In California Street stands the Stock Exchange.

One grain of truth there may be in this rumour of a vein of silver having been found; but in a [160] week this grain has grown into a mound. A rush for shares takes place, and prices rise from day to day. The betting men come in, and stakes are laid in many of the drinking bars, that shares now selling for seventy or eighty dollars each will sell for five hundred in a month. The journals note these bets, as showing what the knowing ones think of the silver vein. Now every one begins to bet, and everyone who bets believes and buys. Who can resist the golden chance?

Mines only bordering on the big bonanza feel the charm of a good neigbourhood. No one pretends that new discoveries have been made in Ophir, Crown Point, and Yellow Jacket, but who can swear that veins of pure and solid silver do not run through all the Comstock mines? A miner of experience has been heard to say that every part of Mount Davidson is equally rich. Then up go Mexican, Ophir, Crown Point, Yellow Jacket. Mines still further off take fire, as one may say, and blaze like burning stars around these central suns. In six weeks everybody in San Francisco is rich and mad.

Eager for money, still more eager for excitement, [161] people feel a keen enjoyment in a rapid rise, a lurid passion in a rapid fall. Their mouths are full of wondrous tales. Paupers of yesterday are rich men this evening; millionaires of last week are to be sold up on Monday next. Such passages of fortune make the drama of their lives.

Four times within a dozen years, a craze has come on San Francisco, like the phrenzy which consumes her now. Fortunes have been won and lost almost as rapidly as though they had been staked on a throw of dice. A man may have a hundred shares in the Belcher Mine, his only wealth. One day they sell at a dollar each,--the man is worth twenty pounds; another day they sell at five hundred dollars each — the man is worth ten thousand pounds. This record of an actual fact is but a sample of the thousand stories told you at the Union and Pacific Clubs. Two years ago, when prices shot up suddenly, shares in Crown Point advanced in a few weeks from ten shillings a share to ninety-two pounds. A man of my acquaintance in this city held a thousand of these shares. In March they would have brought him five hundred pounds, in October they were sold for ninety-two thousand [162] pounds. In seven months the poor man had become a man of means; enriched by one of those strokes of fortune that a gambler loves even more than he loves minted gold.

Such cases are not rare, yet, as a whole, the gainers by these great financial fevers are the citizens who own mines.

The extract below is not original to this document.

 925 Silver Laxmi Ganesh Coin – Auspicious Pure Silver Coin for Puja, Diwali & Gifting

Five or six magnates of finance in San Francisco are said to have got one-third of those fifty million dollars under lock and key.

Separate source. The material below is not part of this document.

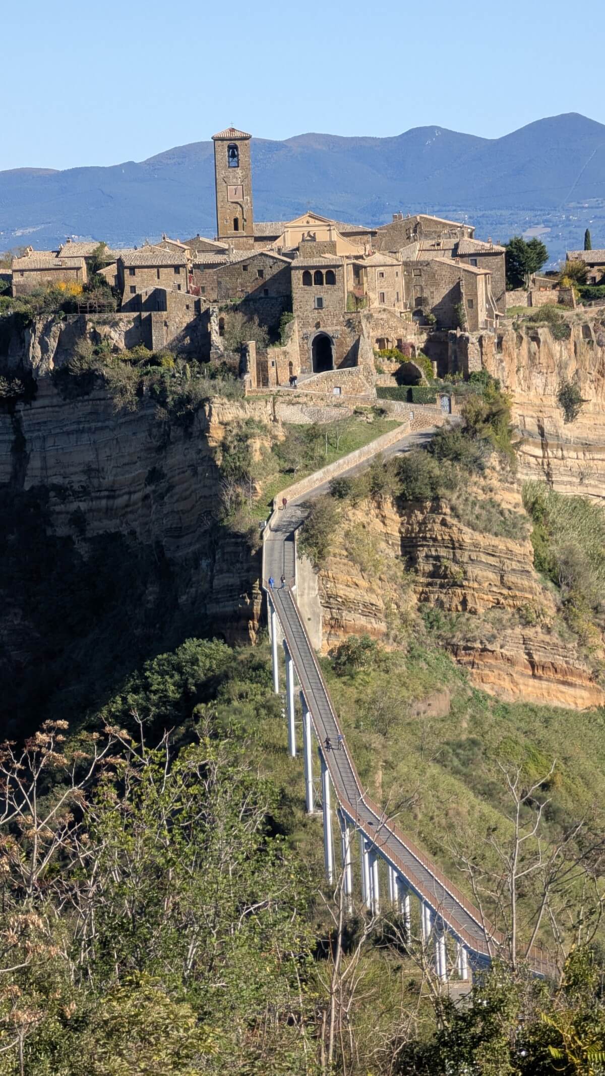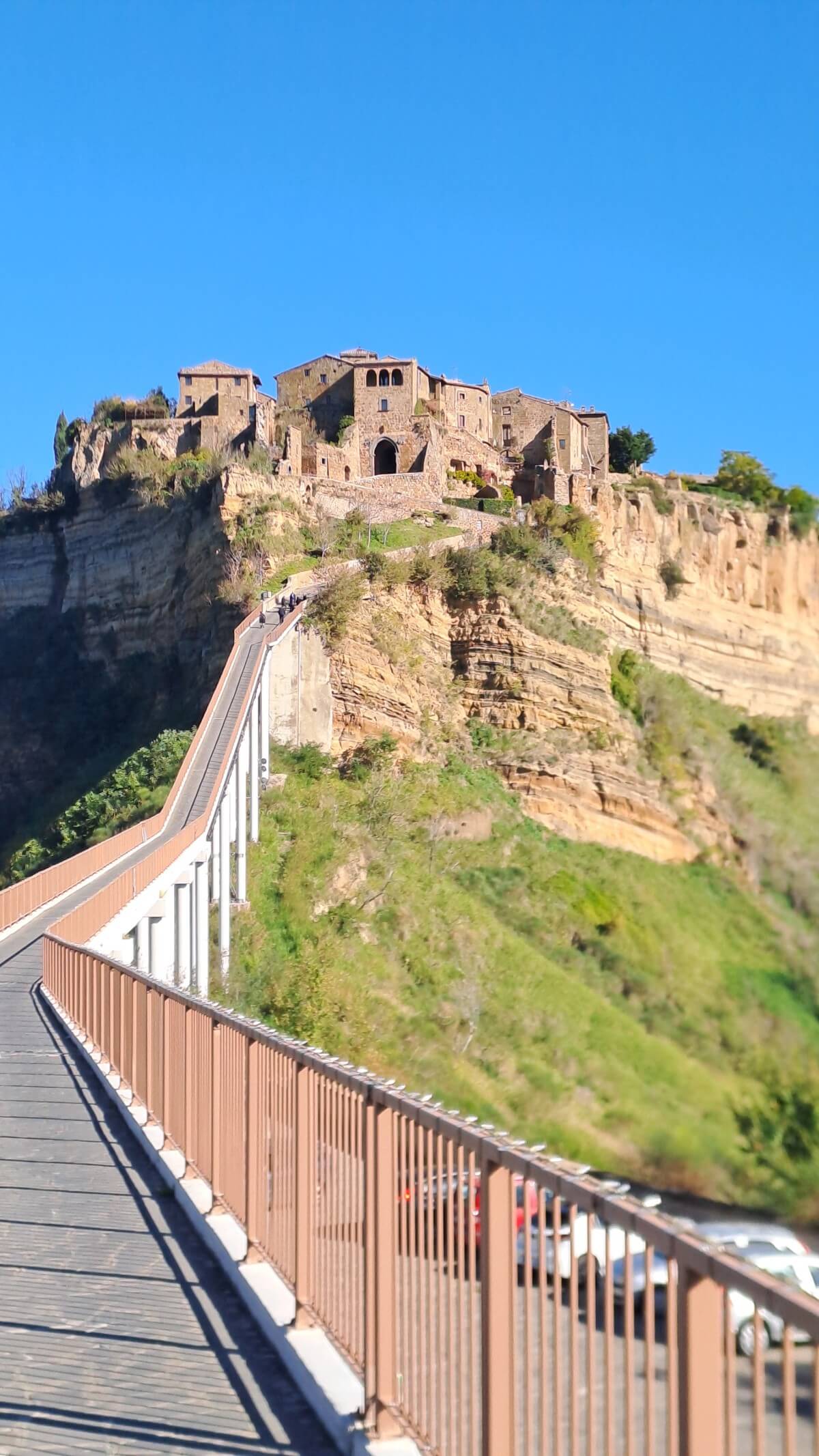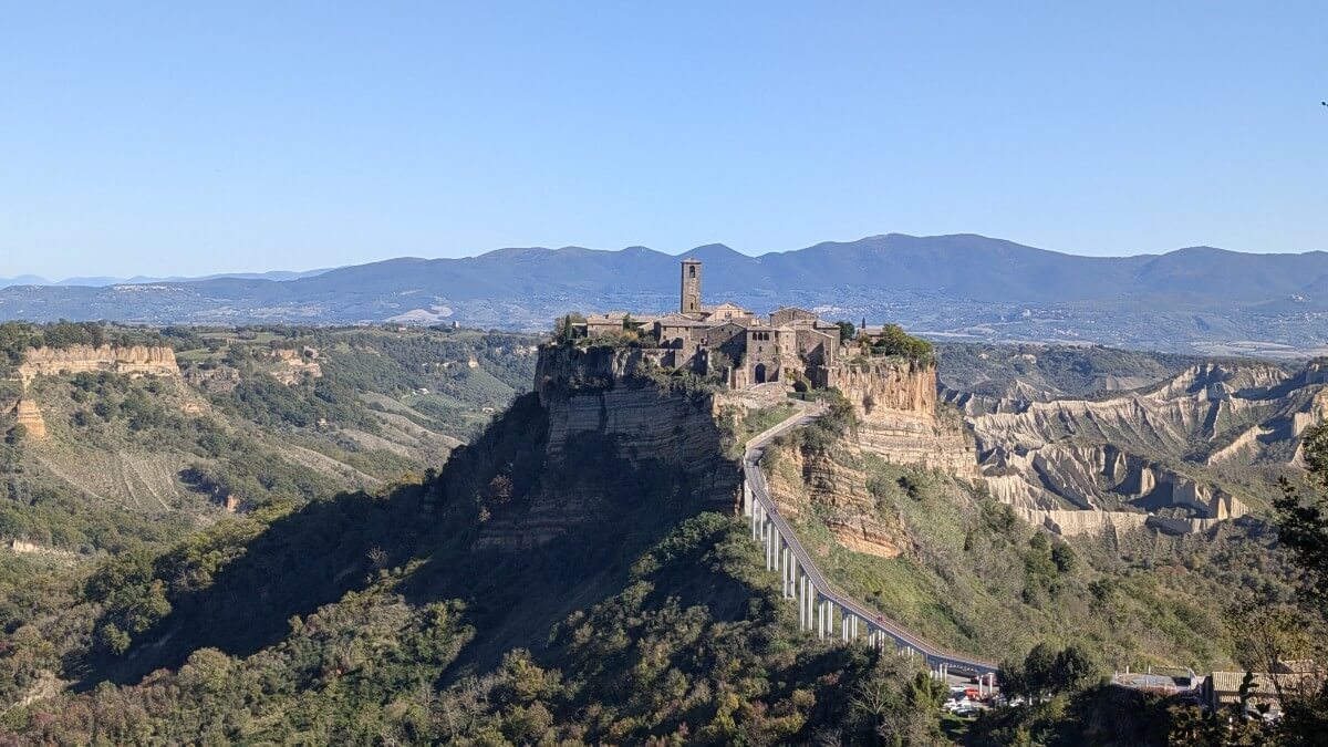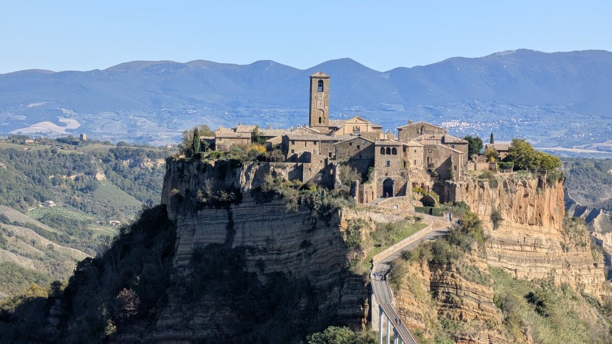 Civita di Bagnoregio, häufig in Reiseführern auch die „sterbende Stadt“ genannt, steht auf einem Tuffsteinfelsen, der nur über eine 300 Meter lange Fußgängerbrücke erreichbar ist. Für 5€ pro Person darf man diese passieren. Momentan leben keine 20 Menschen mehr in diesem über 2500 Jahre alten Dorf. Schön restaurierte Häuser in den alten Gassen beherbergen Restaurants unterschiedlichster Art ebenso wie einige Souvenierläden.

“Our fortunes kill us,” says a sage at the Pacific Club. “A slower rate of growth would suit us better; giving us more time to strike our roots. Not that our progress is what people think — a wonder of the earth. Considering what advantages we boast of soil and climate, mines and harbours, our advance is slow. Yes, slow. We are not overtaking Chicago and St. Louis, still less Philadelphia and New York. Still we have shot ahead beyond our strength, and suffer from the fevers and languors of a youth who grows too fast. Our railroad gave us fits. You smile! The fact is so. No sooner were the first cars seen in Oakland, than a rage of speculation broke along the Bay. The world, we thought, was coming to our coasts. Where would the people live ? Why [163] not provide them tenements and make a profit by the enterprise? We bought estates, we cut down forests, and we laid out cities, for the millions who were coming to our coasts. At every opening on the Bay, you see these visionary towns, with phantom streets and squares, chapels and theatres, schools and prisons. But the millions never came, and for the last five years each man in San Francisco has been carrying a dead city on his back. This great bonanza is another of our fits. There is a true discovery in the Comstock lode. The world is richer than it was three months ago, but we are poorer than we were five years ago. No Redman ever staked his dog, his lodge, his squaw in a more reckless spirit than that in which the White men of San Francisco are gambling with their wealth.”